9 - PENJUAL KUE DAN PENGAMEN KECIL

690 17 6
                                    

'TING TONG'

Suara bel rumah berbunyi saat Hasita dan bundanya menyiapkan sarapan, Hasita melihat jam dinding yang menggantung di tembok ruang makan yang menyatu dengan dapur.

"Ada tamu tuh, tunggu apa lagi?" ujar Bunda.

"Ah, iya Bunda," jawab Hasita segera keluar rumah untuk membuka pintu.

Sesosok pria berbadan tegap mengenakan kemeja biru polos yang sangat pas di badannya, celana jean biru gelap dan sepatu hitam, rapi. Rambut hitam tebalnya tertata rapi, kalung perak itu tetap ada tapi tidak ada tindik kecil yang selalu ada di telinga kirinya, dia itu tersenyum padanya, senyumannya yang khas.

"Kau terpesona?"

"Shin... untuk apa kau kemari?

"Pertanyaan macam apa itu? Tentu saja jemput kekasihku."

"Maksudku, kenapa sepagi ini? Ini masih jam enam seperempat."

"Boleh aku masuk?" Tanpa menunggu jawaban Hasita, Shin langsung melangkahkan kakinya memasuki rumah Hasita.

"Kau belum sarapan? Ayo kita sarapan dulu." Hasita menarik tangan Shin menuju ruang makan.

"Eh... siapa ini? Tampan sekali," celetuk Bunda saat mereka memasuki ruang makan.

Ayah dan Caraka menoleh ke arah Shin, dia menghampiri orang tua Hasita lalu menjabat tangannya.

"Saya Shin Arghanta, Bunda, Ayah. Selamat pagi! Saya akan mengantar Hasita ke kampus."

"Ah... iya. Silakan duduk dulu, ikutlah sarapan bersama kami." Ayah mengulurkan tangannya ke arah meja makan.

Shin memilih duduk di samping Hasita, dia memasang senyum ramah. Hasita menyediakan potongan buah apel, sepiring nasi, lauk dan sayur lalu menuangkan air mineral untuknya.

"Makanlah buahnya dulu, setelah itu menu utama." Hasita kembali duduk setelah menyiapkan makanan untuk Shin.

"Terima kasih, wah... sepertinya enak sekali."

"Shin teman kampus Hasita?" tanya Bunda.

"Saya kuliah di Institut Bung Tomo, Bunda."

"Kok bisa kenal Hasita? Kenal di mana?"

"Itu... kami bertemu di perpustakaan umum."

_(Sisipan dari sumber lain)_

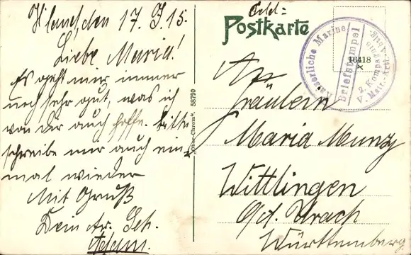Zustand, siehe Scan, gelaufen, 1915 - ca 14 cm X 9 cm

"Mereka lebih dari sekedar teman, Bunda. Kak Shin ini yang kapan hari buat galau hari-hari Kak Hasita." sahut Caraka.

"Hemm?" Shin menoleh ke Hasita, Hasita hanya mengendikkan bahunya.

"Kak Shin nggak tahu kan? Waktu kau entah pergi ke mana, Kak Hasita banyak melamun, terus..."

"Bisa diam nggak mulutmu itu? Atau aku suapi apel utuh?" Hasita mengambil buah apel di hadapannya.

Caraka terkekeh, rasanya senang sekali menggoda kakaknya. Orang tua Hasita hanya geleng-geleng tersenyum melihat tingkah mereka.

"Kau seperti itu? Maaf, aku tidak tahu tentang itu."

"Aku... baru ingat ada kelas pagi, kita harus segera berangkat." Hasita beranjak dari kursinya lalu menyangklong tas ranselnya, pipinya terasa hangat.

"Tapi kalian belum sempat sarapan," ujar Bunda.

"Tidak apa-apa, kami bisa sarapan nanti. Kalau begitu, kami berangkat dulu, Bunda, Ayah." Pamit Shin kepada orang tua Hasita.

"Saya titip Hasita, jaga dia baik-baik!" pinta Ayah.

"Tentu."

Hasita mendahului langkah Shin menuju mobil sedan hitam yang terparkir di halaman rumahnya. Hasita memalingkan wajahnya saat Shin masuk ke dalam mobil dan memasang sabuk pengamannya.